Your goal.
In the entries below, find the line with "Una de las primeras" and the line with "尺寸方面,領克07EM-P雖". Print those two and everything between them exactly, and nothing else.
(Beginning of Recorded information)
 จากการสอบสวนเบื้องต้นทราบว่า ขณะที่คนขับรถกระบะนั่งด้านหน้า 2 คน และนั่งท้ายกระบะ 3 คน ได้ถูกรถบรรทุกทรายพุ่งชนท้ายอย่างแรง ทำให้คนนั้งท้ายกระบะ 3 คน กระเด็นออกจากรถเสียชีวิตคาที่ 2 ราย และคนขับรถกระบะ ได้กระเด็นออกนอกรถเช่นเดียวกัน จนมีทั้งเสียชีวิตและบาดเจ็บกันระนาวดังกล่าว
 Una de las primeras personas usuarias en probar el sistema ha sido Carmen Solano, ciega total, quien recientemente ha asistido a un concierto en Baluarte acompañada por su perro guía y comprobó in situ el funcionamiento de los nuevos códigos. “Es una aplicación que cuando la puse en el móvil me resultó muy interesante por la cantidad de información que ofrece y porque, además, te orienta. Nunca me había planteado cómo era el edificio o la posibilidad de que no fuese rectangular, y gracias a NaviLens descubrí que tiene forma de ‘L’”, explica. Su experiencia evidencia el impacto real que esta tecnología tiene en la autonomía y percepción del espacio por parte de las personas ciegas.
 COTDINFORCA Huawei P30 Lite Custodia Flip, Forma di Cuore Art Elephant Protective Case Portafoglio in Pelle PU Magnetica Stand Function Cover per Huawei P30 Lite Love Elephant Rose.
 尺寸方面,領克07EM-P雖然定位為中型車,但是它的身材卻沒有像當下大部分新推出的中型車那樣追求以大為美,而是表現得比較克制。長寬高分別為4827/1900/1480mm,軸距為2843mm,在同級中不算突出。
(End of Recorded information)
(Beginning of Recorded information)
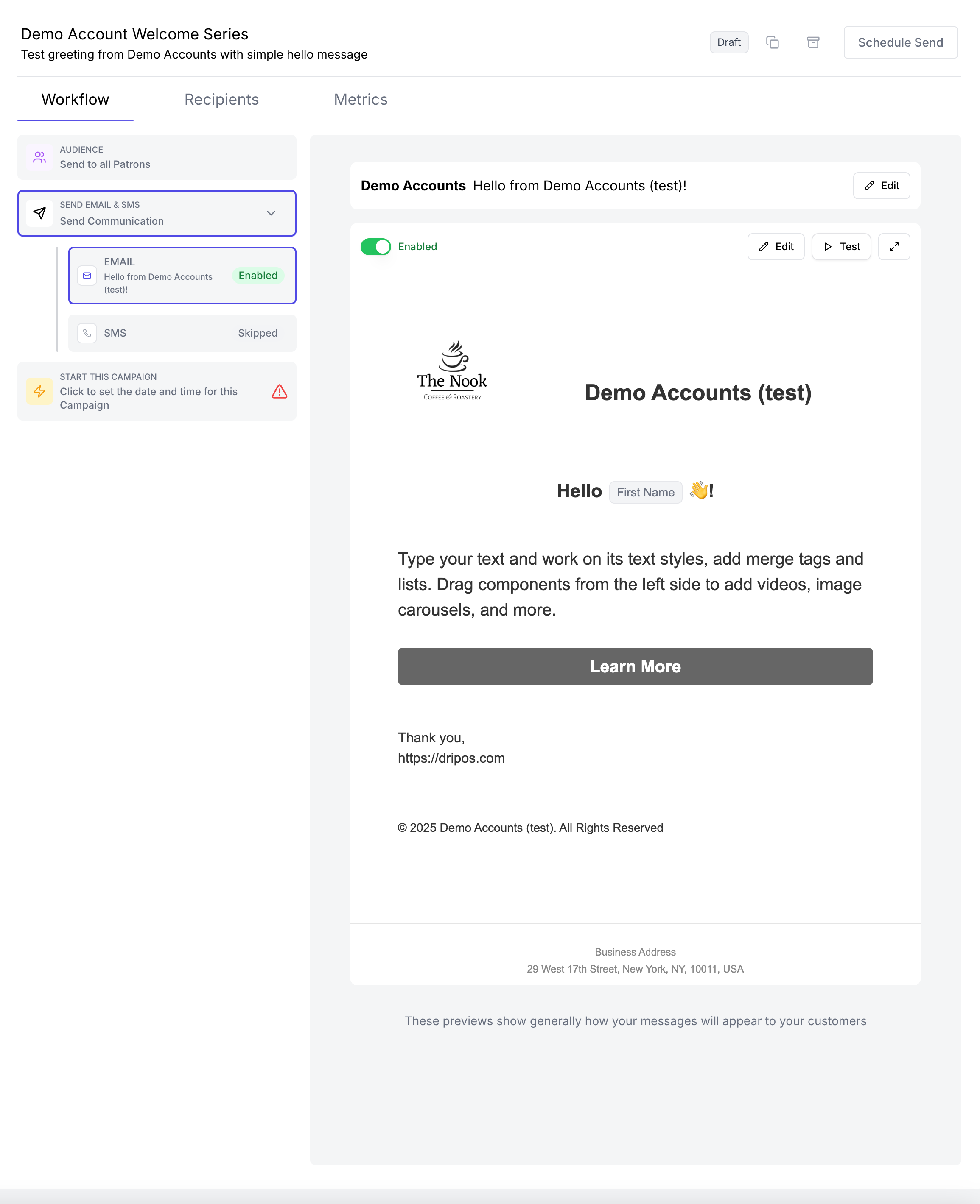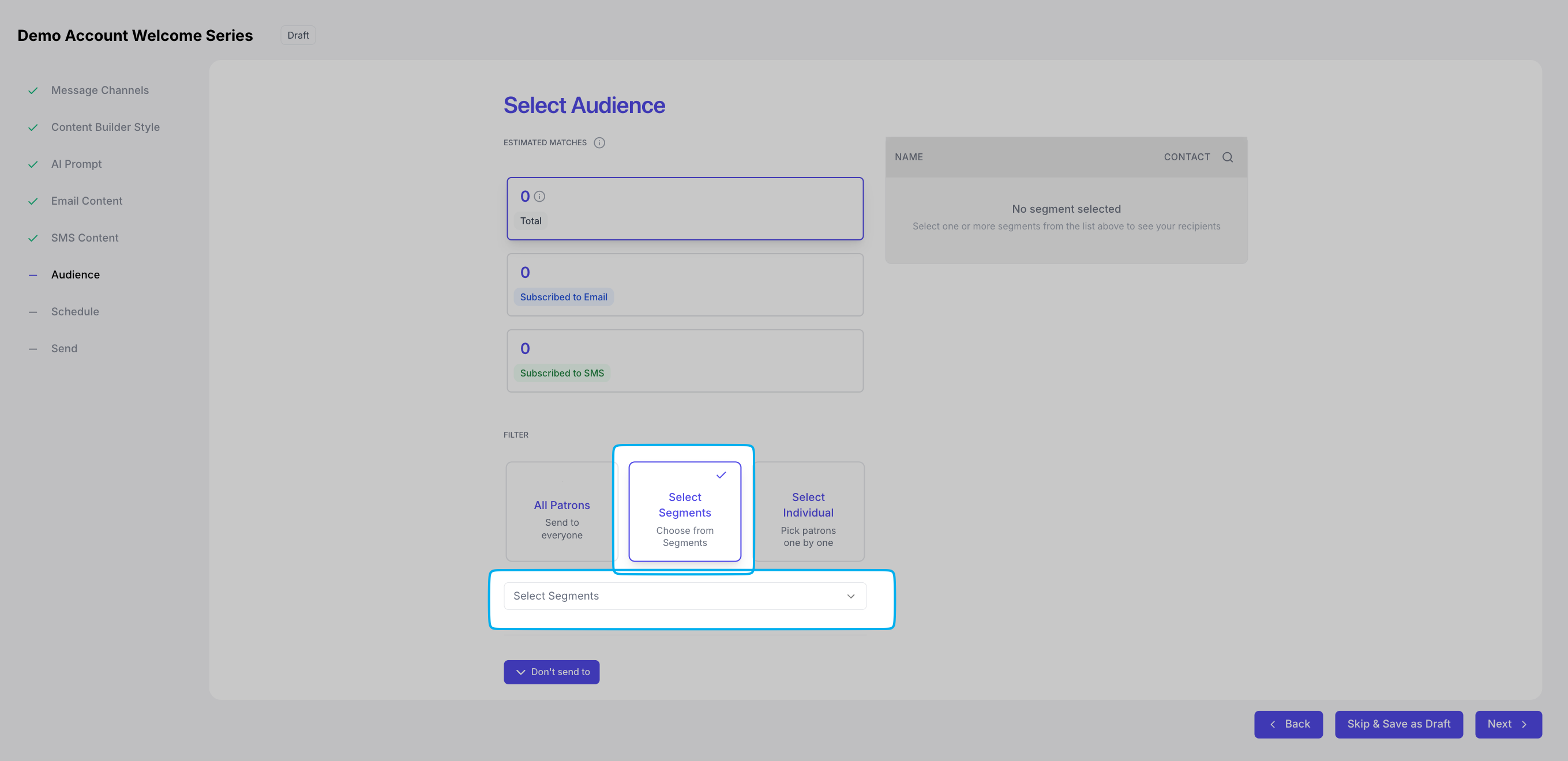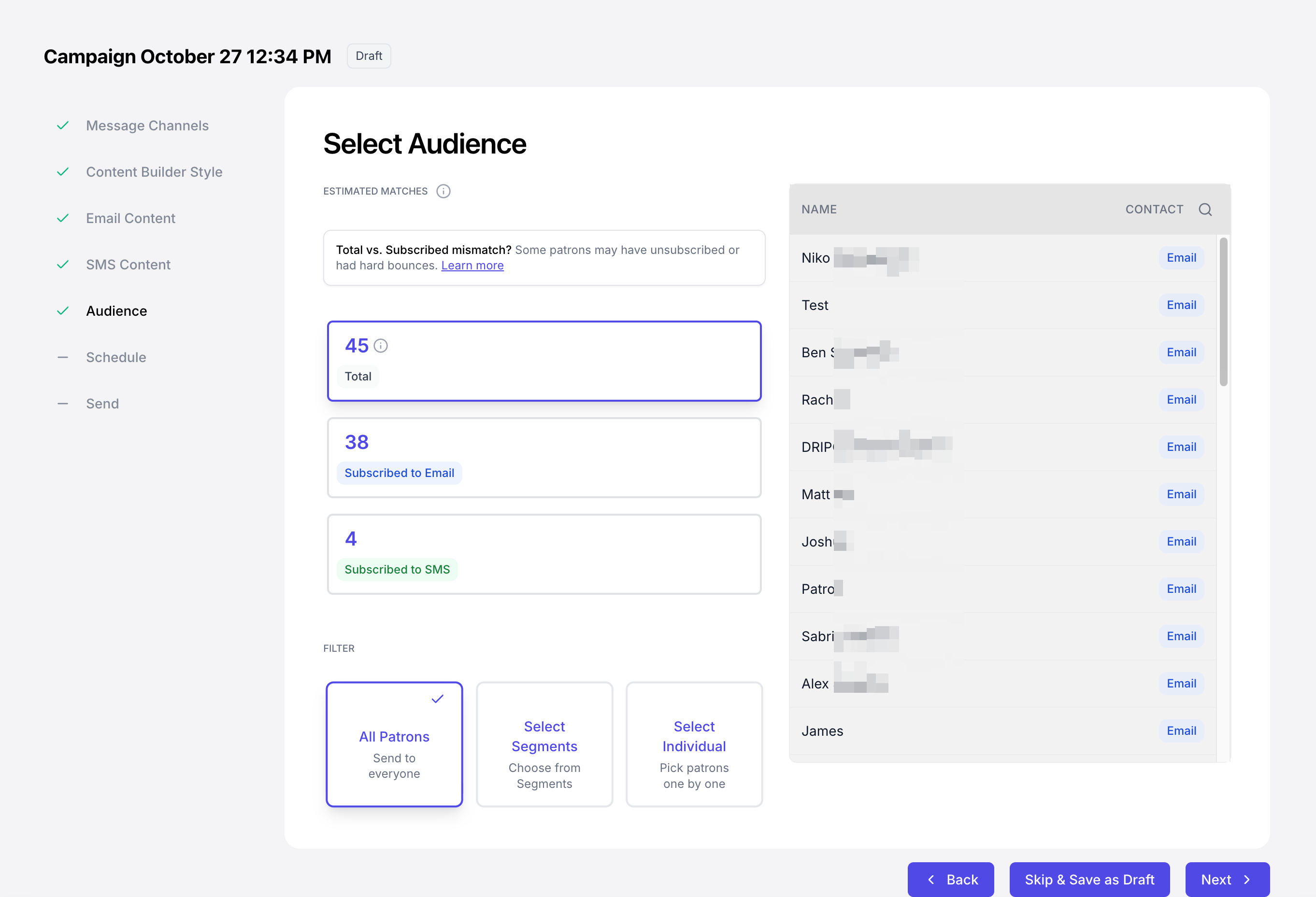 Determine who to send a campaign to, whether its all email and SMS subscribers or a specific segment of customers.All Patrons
(End of Recorded information)
Answer box.
 Una de las primeras personas usuarias en probar el sistema ha sido Carmen Solano, ciega total, quien recientemente ha asistido a un concierto en Baluarte acompañada por su perro guía y comprobó in situ el funcionamiento de los nuevos códigos. “Es una aplicación que cuando la puse en el móvil me resultó muy interesante por la cantidad de información que ofrece y porque, además, te orienta. Nunca me había planteado cómo era el edificio o la posibilidad de que no fuese rectangular, y gracias a NaviLens descubrí que tiene forma de ‘L’”, explica. Su experiencia evidencia el impacto real que esta tecnología tiene en la autonomía y percepción del espacio por parte de las personas ciegas.
 COTDINFORCA Huawei P30 Lite Custodia Flip, Forma di Cuore Art Elephant Protective Case Portafoglio in Pelle PU Magnetica Stand Function Cover per Huawei P30 Lite Love Elephant Rose.
 尺寸方面,領克07EM-P雖然定位為中型車,但是它的身材卻沒有像當下大部分新推出的中型車那樣追求以大為美,而是表現得比較克制。長寬高分別為4827/1900/1480mm,軸距為2843mm,在同級中不算突出。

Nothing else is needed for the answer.